# How do you solve the polynomial inequality and state the answer in interval notation given x^4<=16+4x-x^3?

Nov 25, 2017

The solution is $\left[- 2 , 2\right]$

#### Explanation:

Let us use a simplified version of 'sign chart' method.
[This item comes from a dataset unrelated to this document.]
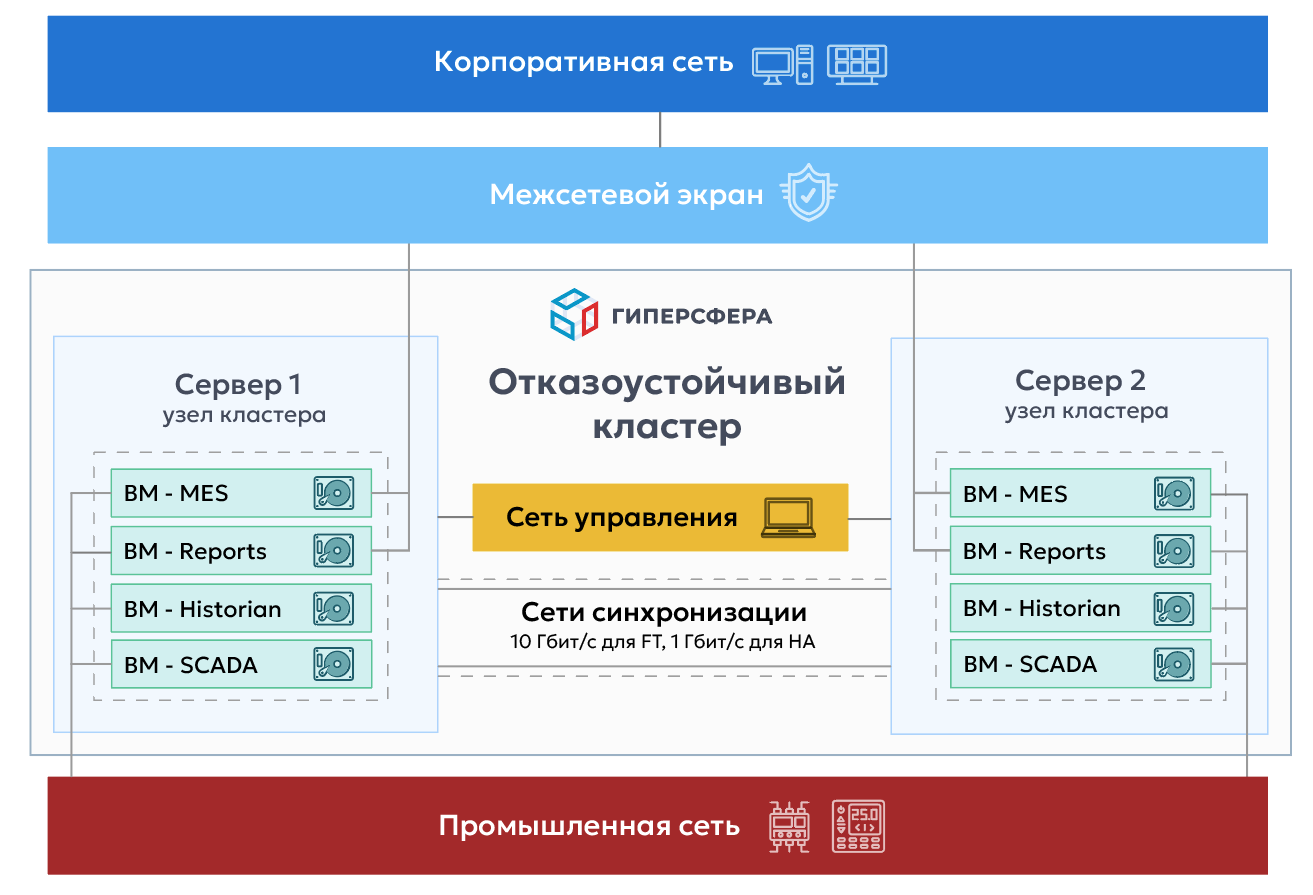 На производственном предприятии, где АСУ ТП включает сервер управления технологическими линиями, сервер управления производством, архив данных и вспомогательные сервера, “ГиперСфера” позволяет разместить все эти сервисы в одном отказоустойчивом кластере. В случае выхода из строя одного сервера все виртуальные машины продолжают работу на втором узле без перезагрузок и простоев, что исключает остановку технологического процесса.

${x}^{4} \le 16 + 4 x - {x}^{3}$ can be written as ${x}^{4} + {x}^{3} - 4 x - 16 \le 0$

As $2$ and $- 2$ are the zeros

${x}^{4} + {x}^{3} - 4 x - 16 = \left(x - 2\right) \left(x + 2\right) \left({x}^{2} + x + 4\right)$

Observe that ${x}^{2} + x + 4$ is always positive (note that ${x}^{2} + x + 4 = {\left(x + \frac{1}{2}\right)}^{2} + \frac{15}{4}$ - sum of two positive numbers) and hence

whether ${x}^{4} + {x}^{3} - 4 x - 16 \le 0$ depends on three intervals

$x \le - 2$, $- 2 \le x \le 2$ and $x \ge 2$

Let us pick up three values each in one of the range,

say $x = - 4$, $x = 0$ and $x = 4$

as only $x = 0$ satisfies the inequality,

solution is $- 2 \le x \le 2$ and in interval notation $\left[- 2 , 2\right]$

graph{x^4+x^3-4x-16 [-10, 10, -5, 5]}